Quando il sole tornò Piccin era ormai rimbalzato nelle retrovie. La sua assenza ingiustificata a lavoro generò allarme, specie perché senza precedenti. Composero il suo numero di telefono fisso, dato che non possedeva uno smartphone; fecero echeggiare squilli nell’appartamento che aveva ereditato dai genitori. Lasciarono messaggi. Completato l’orario di lavoro, il collega che divideva con lui la scrivania andò in giro con una delle sue rare fotografie. Anche coloro che lo avevano visto risposero di no: quella di Piccin era immagine di periferia.
Lavorava per una azienda privata di gestione delle acque potabili. Era stato suo padre – dirigente di un altrove almeno all’apparenza senza connessioni con le acque – ad allestire la sua assunzione. Venne inscenato un colloquio che agli occhi di Piccin doveva essere aperto a chiunque. Se si presentò solo lui, gli fecero credere, era perché quel lavoro era poco appetibile. Il lavoro era di scrivania, scrivania sul retrobottega degli sportelli aperti al pubblico. Di tanto in tanto, i suoi colleghi si divertivano a creare situazioni di impasse se non addirittura di sfida, per esempio forzando sincronismi davanti agli ingressi, situazioni che comunque si risolvevano sempre allo stesso – inevitabile – modo.

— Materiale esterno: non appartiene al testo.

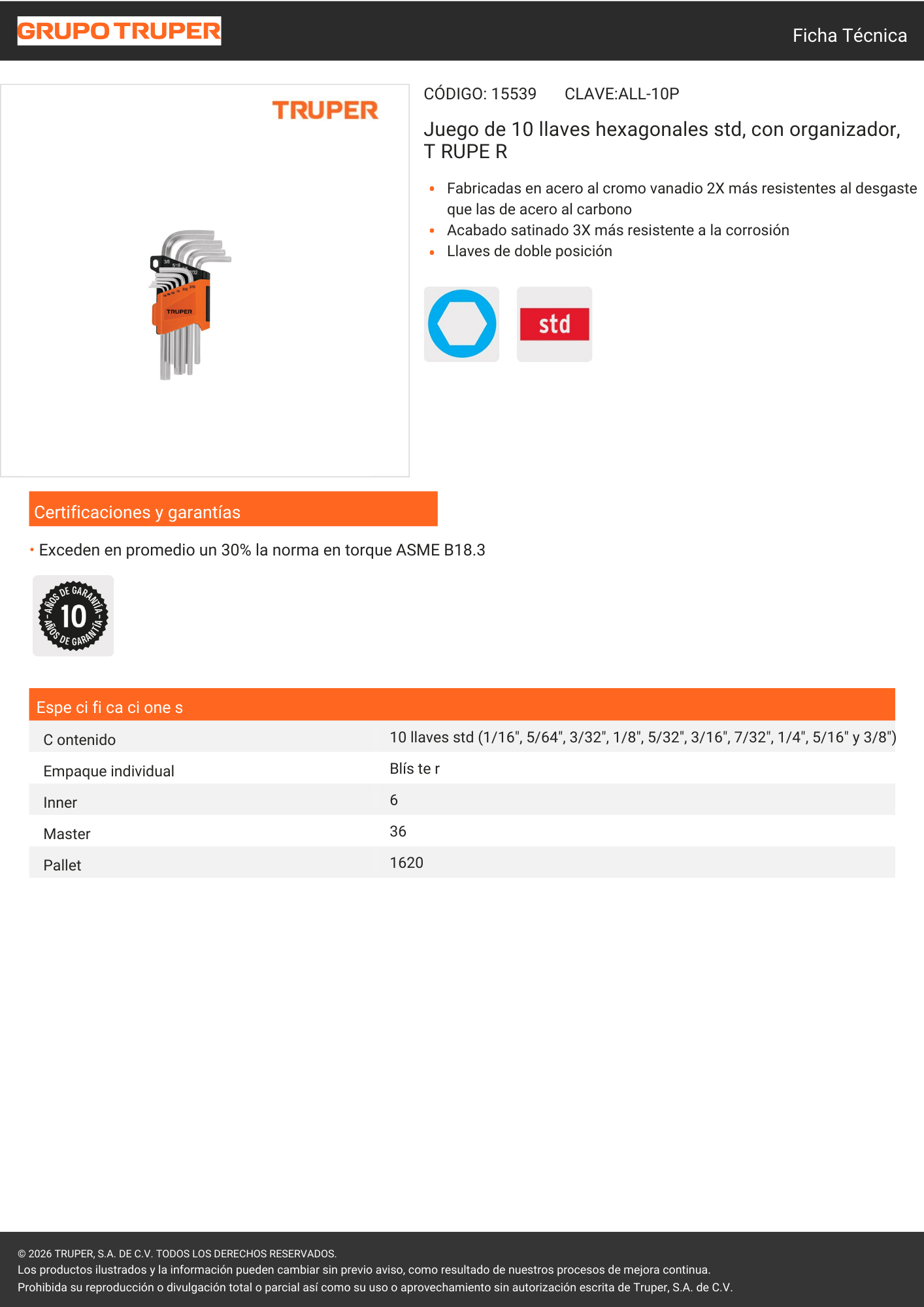 Juego llaves allen standar x 10 und (15539) truper
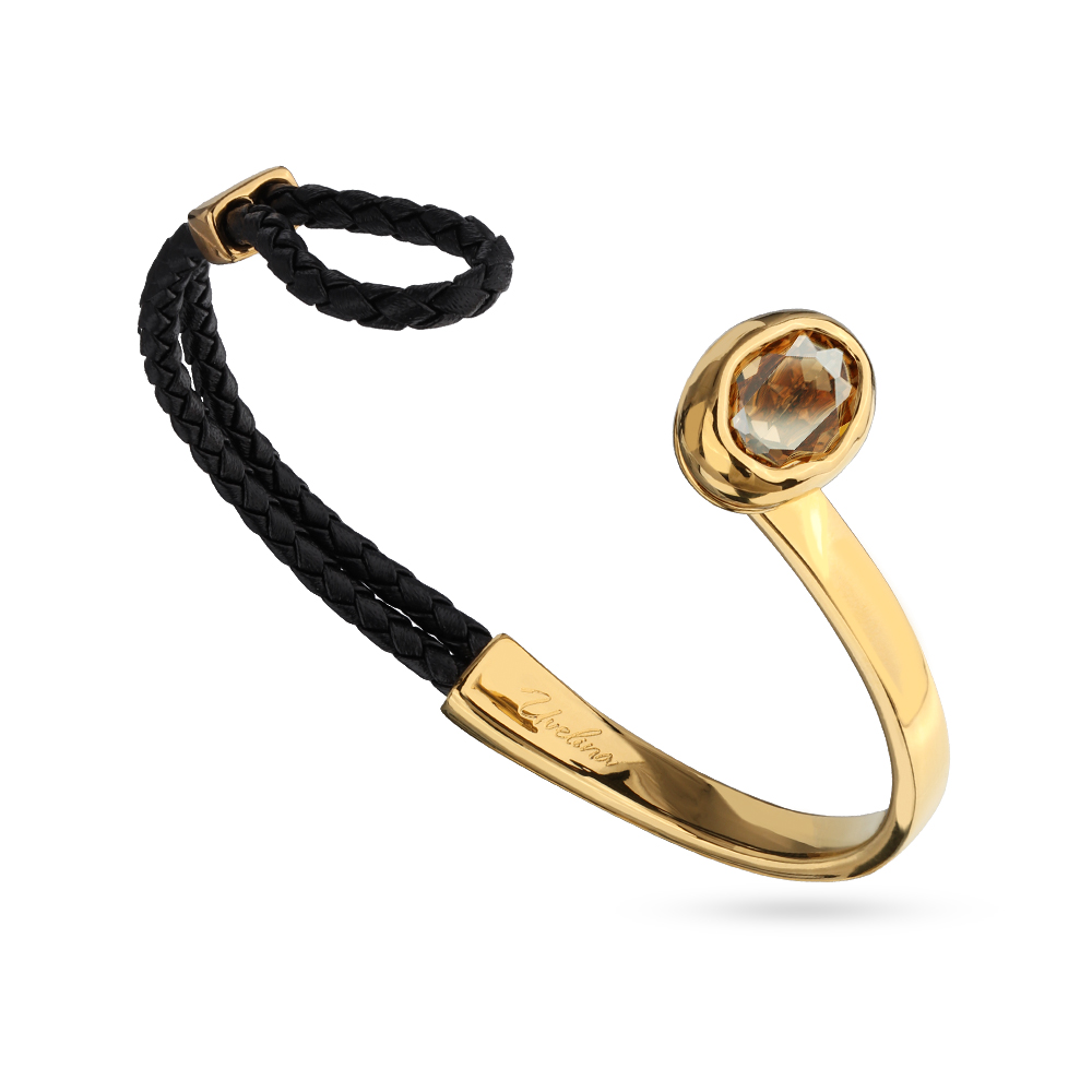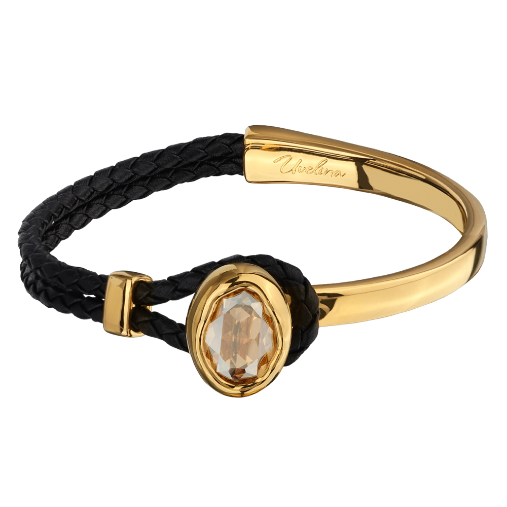 Описание: Изготовлено из ювелирного сплава на основе латуни с гальваническим покрытием золотом. Изделие украшают кристаллы SW цвета шампань и черная кожа. Размер украшения 17х13мм. Длина браслета 17см.

Lo stallo nell’ipermercato si ripercuoteva sulle condizioni fisiche di un Piccin ormai devastato, costretto a fare delle pause seduto per terra, appoggiandosi allo scaffale della cioccolata, sottraendo desideri da campi visivi altrui, pause la cui frequenza aumentava rendendo sempre più difficile il raggiungimento del traguardo di nastro scorrevole; nonostante tutto, non fece alcuna concessione, non si piegò alle contingenze: lasciò passare. Poco dopo essersi issato per l’ennesima volta tornò al suolo con un tonfo secco. Le mele e la bottiglietta si inseguirono sul pavimento mentre un ragazzo felpato accorse in suo aiuto. Chiamò i soccorsi, che arrivarono in poco tempo. Lo adagiarono sulla barella mentre serrava le mani intorno al nulla con incosciente tenacia.